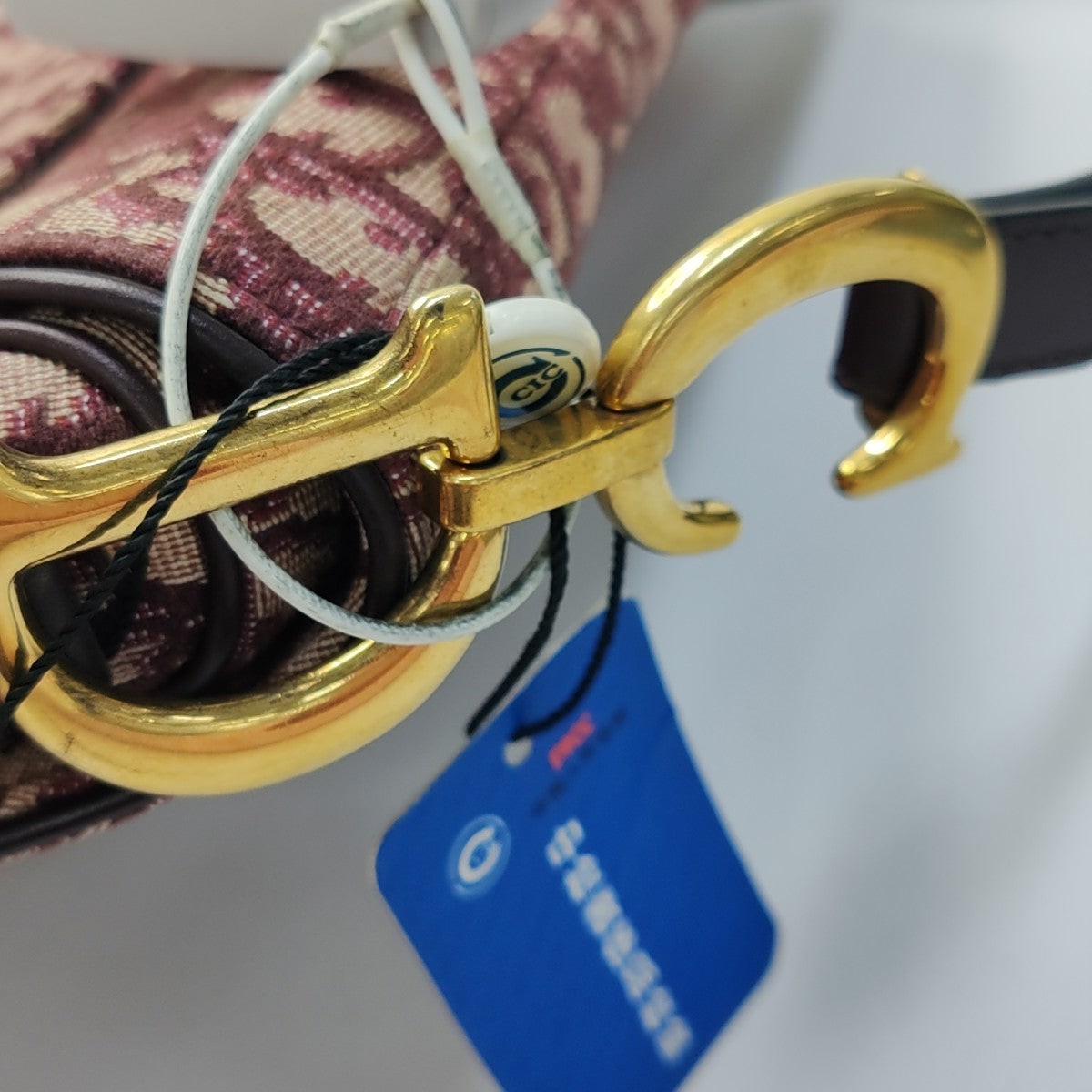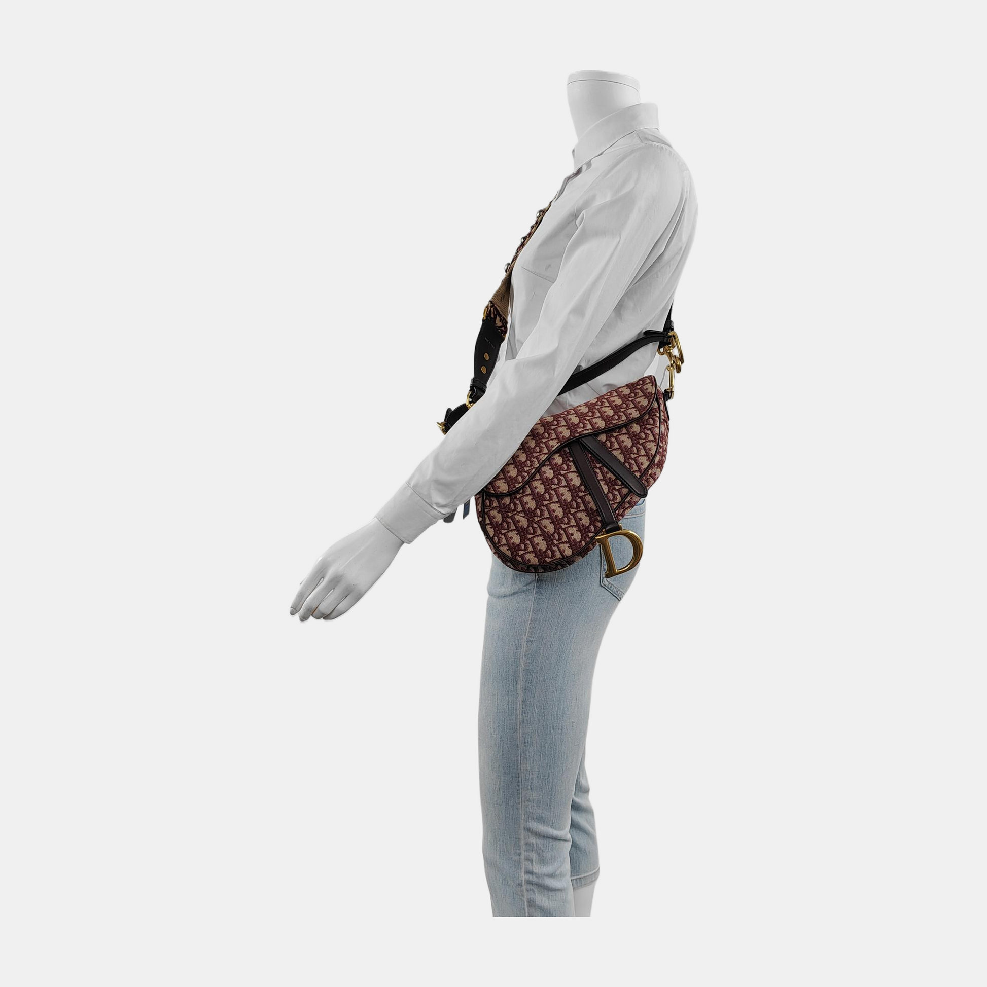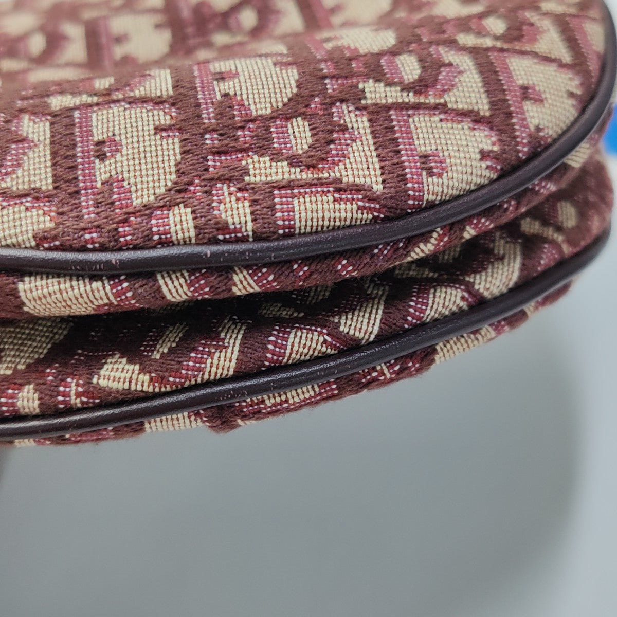 DIOR Saddle Small Burgundy Canvas Monogram Saddle Bag Crossbody Shoulder Bag with Gold Hardware Removable Strap-(SKU)-943857438
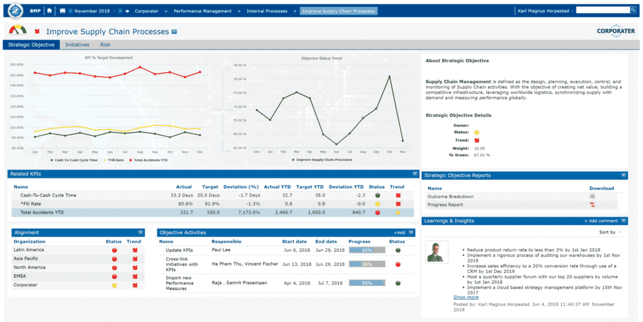 Corporater Balanced Scorecard is a software solution that supports customers in executing their strategy. It provides everything out of the box that is needed for the Balanced Scorecard (BSC) framework, including perspectives, strategic objectives, KPIs, strategic initiatives, visualization tools, data integration, and workflow.
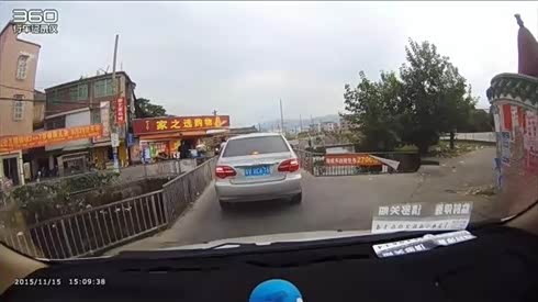 恐怖慎入 白色轿车失控 瞬间被撞成俩半
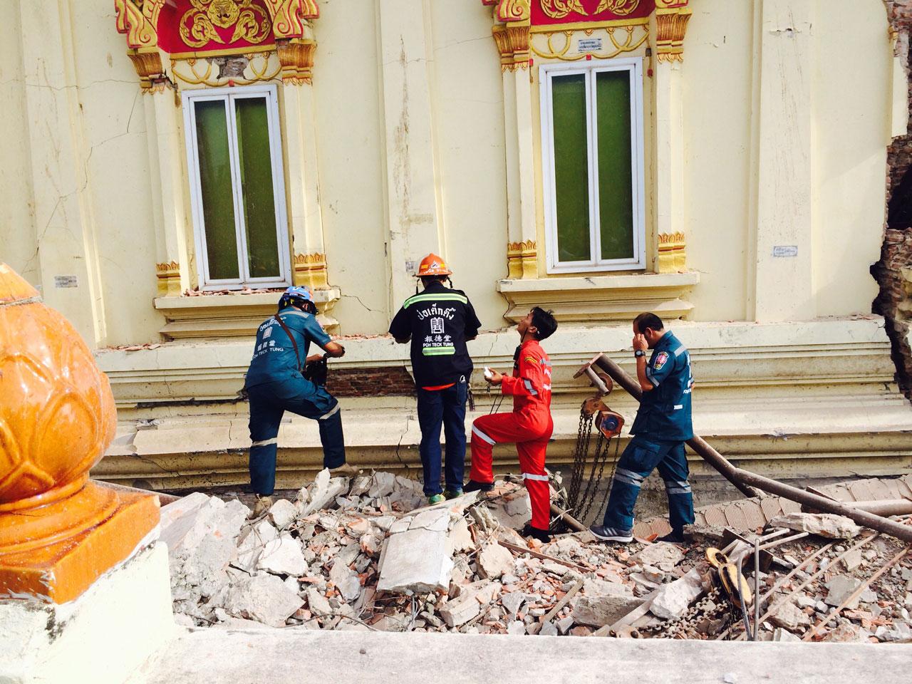 ในที่เกิดเหตุพบว่า พระอุโบสถซึ่งกำลังอยู่ระหว่างการก่อสร้างได้พังถล่ม ทับร่างของคนงาน เจ้าหน้าที่หน่วยกู้ภัยต้องใช้เครื่องตัดถ่างช่วยนำศพถูกที่ทับอยู่ใต้ซากปูนออกมา ทราบชื่อคือ นายณัฐวุฒิ สุวรรณชัยรบ อายุ 22 ปี ชาวจังหวัดนนทบุรี ตรวจสอบพบมีคนงานชายได้รับบาดเจ็บเล็กน้อย 1 ราย เจ้าหน้าที่เร่งนำส่งโรงพยาบาล
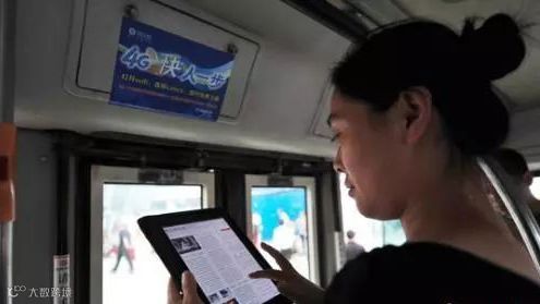 资料图:沈阳市民在公交车上免费使用4G网络上网。
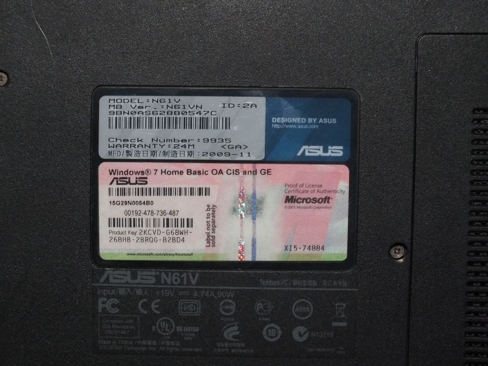 - батарею Asus N61V Li-Ion Battary Model: A32-M50 (+10,8 V, 44000 mAh, 48 Wh)
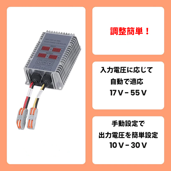 ●追加設定なしで、入力電圧17V ~55V DC までのソーラーパネル電圧に自動的に適応します。
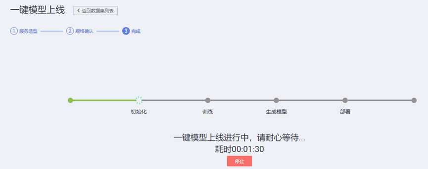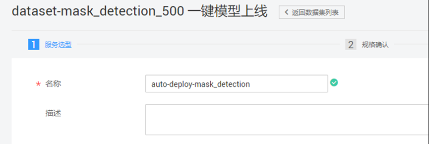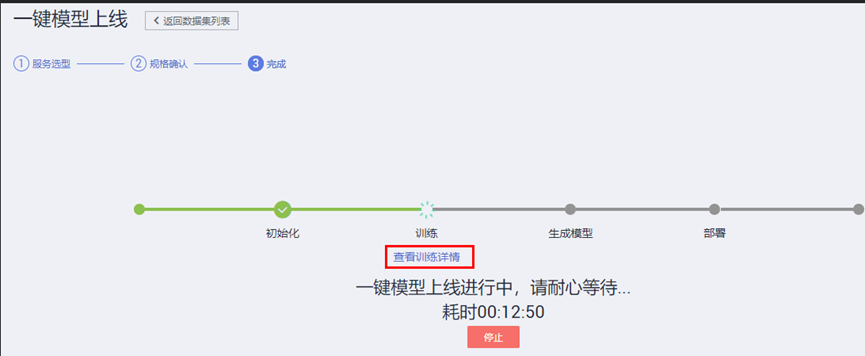 数据集发布成功后,可以使用一键模型上线功能,训练模型,并将模型部署成在线API服务。
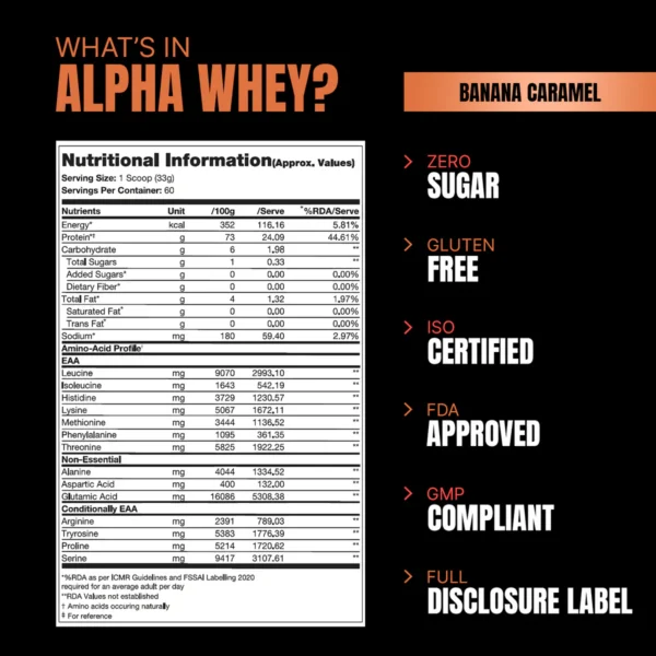 PS Alpha Whey Banana Caramel is a tasty and effective protein supplement ideal for athletes and fitness enthusiasts aiming to support muscle building and recovery with a delicious flavor option .
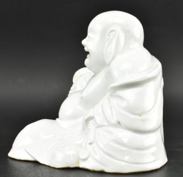 A Qing dynasty Dehua blanc de Chine figurine of Budai/ Laughing buddha. The seated Budai modelled as him seated with one hand resting on his knee and the other holding a rosary, wearing a voluminous robe. Measures approx.  14cm high.

# # # #

**EXERCISE OBJECTIVE**
Copy the records exactly. Skip any pictures.

**RESPONSE AREA**
 DIOR Saddle Small Burgundy Canvas Monogram Saddle Bag Crossbody Shoulder Bag with Gold Hardware Removable Strap-(SKU)-943857438
 Corporater Balanced Scorecard is a software solution that supports customers in executing their strategy. It provides everything out of the box that is needed for the Balanced Scorecard (BSC) framework, including perspectives, strategic objectives, KPIs, strategic initiatives, visualization tools, data integration, and workflow.
 恐怖慎入 白色轿车失控 瞬间被撞成俩半
 ในที่เกิดเหตุพบว่า พระอุโบสถซึ่งกำลังอยู่ระหว่างการก่อสร้างได้พังถล่ม ทับร่างของคนงาน เจ้าหน้าที่หน่วยกู้ภัยต้องใช้เครื่องตัดถ่างช่วยนำศพถูกที่ทับอยู่ใต้ซากปูนออกมา ทราบชื่อคือ นายณัฐวุฒิ สุวรรณชัยรบ อายุ 22 ปี ชาวจังหวัดนนทบุรี ตรวจสอบพบมีคนงานชายได้รับบาดเจ็บเล็กน้อย 1 ราย เจ้าหน้าที่เร่งนำส่งโรงพยาบาล
 资料图:沈阳市民在公交车上免费使用4G网络上网。
 - батарею Asus N61V Li-Ion Battary Model: A32-M50 (+10,8 V, 44000 mAh, 48 Wh)
 ●追加設定なしで、入力電圧17V ~55V DC までのソーラーパネル電圧に自動的に適応します。
 数据集发布成功后,可以使用一键模型上线功能,训练模型,并将模型部署成在线API服务。
 PS Alpha Whey Banana Caramel is a tasty and effective protein supplement ideal for athletes and fitness enthusiasts aiming to support muscle building and recovery with a delicious flavor option .
 A Qing dynasty Dehua blanc de Chine figurine of Budai/ Laughing buddha. The seated Budai modelled as him seated with one hand resting on his knee and the other holding a rosary, wearing a voluminous robe. Measures approx.  14cm high.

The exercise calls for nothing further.